Luciano Menezes teria utilizado contas bancárias de associação de apoio à Polícia Civil para fins indevidos; investigação corre sob sigilo
O delegado de Polícia Civil Luciano Menezes, de 54 anos, foi afastado de suas funções por suspeita de desvio de recursos públicos, segundo investigações conduzidas pelo Ministério Público (MP) e pela Corregedoria da Polícia Civil.
O afastamento ocorreu na tarde de quinta-feira (26), em Santa Cruz do Sul, na Região dos Vales, e foi confirmado oficialmente pelas duas instituições.
A investigação aponta que Menezes, que integra a Polícia Civil há 26 anos e já atuou como diretor regional, teria se apropriado de verbas oriundas do Grupo de Apoio à Polícia (GAP), associação formada por empresários locais com o objetivo de auxiliar a segurança pública da cidade.
Segundo apuração da RBS TV, o delegado teria acesso direto a pelo menos oito contas bancárias da entidade e utilizaria cartões vinculados à associação. O valor total do suposto desvio ainda não foi divulgado, mas 15 testemunhas já prestaram depoimento e confirmaram às autoridades detalhes do caso.
O principal crime investigado é peculato, que se refere ao desvio de recursos por servidores públicos em razão do cargo.

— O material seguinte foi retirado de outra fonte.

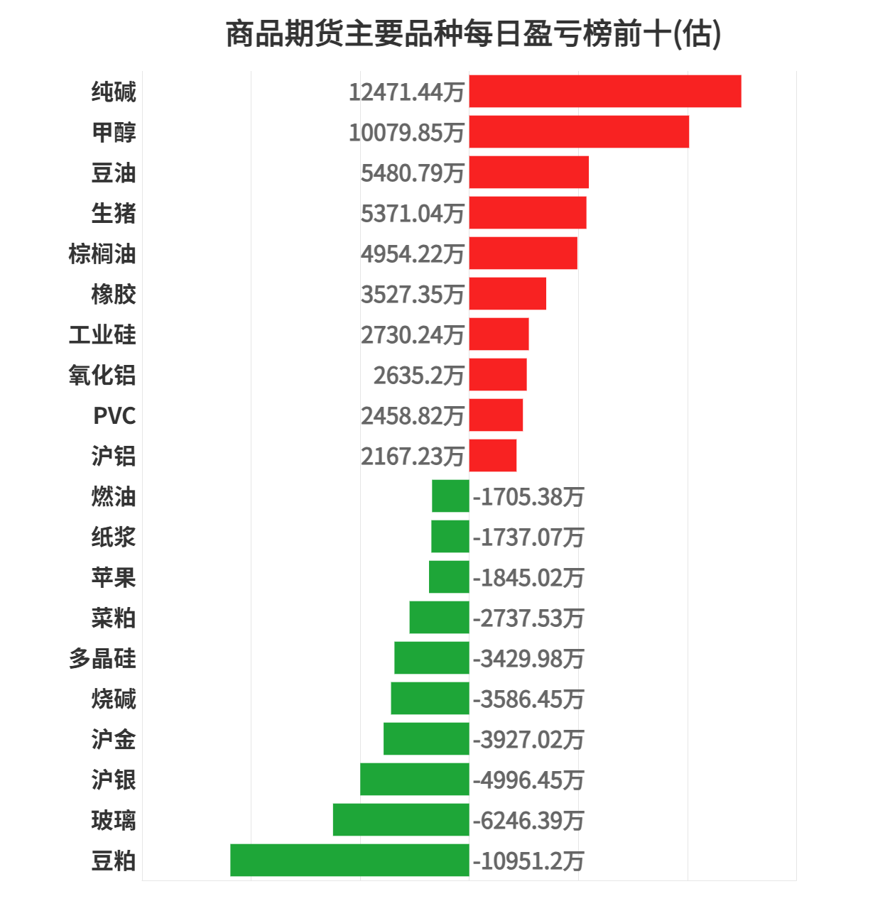 今日商品期货上榜机构席位中纯碱盈利第一,为 12471.44 万元。

O celular do delegado foi apreendido no cumprimento do mandado de afastamento cautelar e será periciado para extração de dados.
A investigação teve início em novembro de 2024, após denúncia feita por outro delegado da corporação. Apesar do caráter sigiloso das investigações, fontes ligadas ao caso confirmaram o teor das suspeitas à reportagem do G1 RS.
Tanto o Ministério Público quanto a Polícia Civil evitaram dar detalhes adicionais.
Menezes ganhou projeção ao longo da carreira por comandar operações contra o tráfico de drogas e o crime organizado. Em 2024, foi presidente da Oktoberfest de Santa Cruz do Sul. No início deste ano, foi removido da direção regional da Polícia Civil após declarações polêmicas feitas em audiência pública na Câmara de Venâncio Aires, quando criticou duramente a falta de estrutura da polícia:
“Se nós dependermos do Estado, nós não temos nem papel higiênico para limpar a bunda numa delegacia.”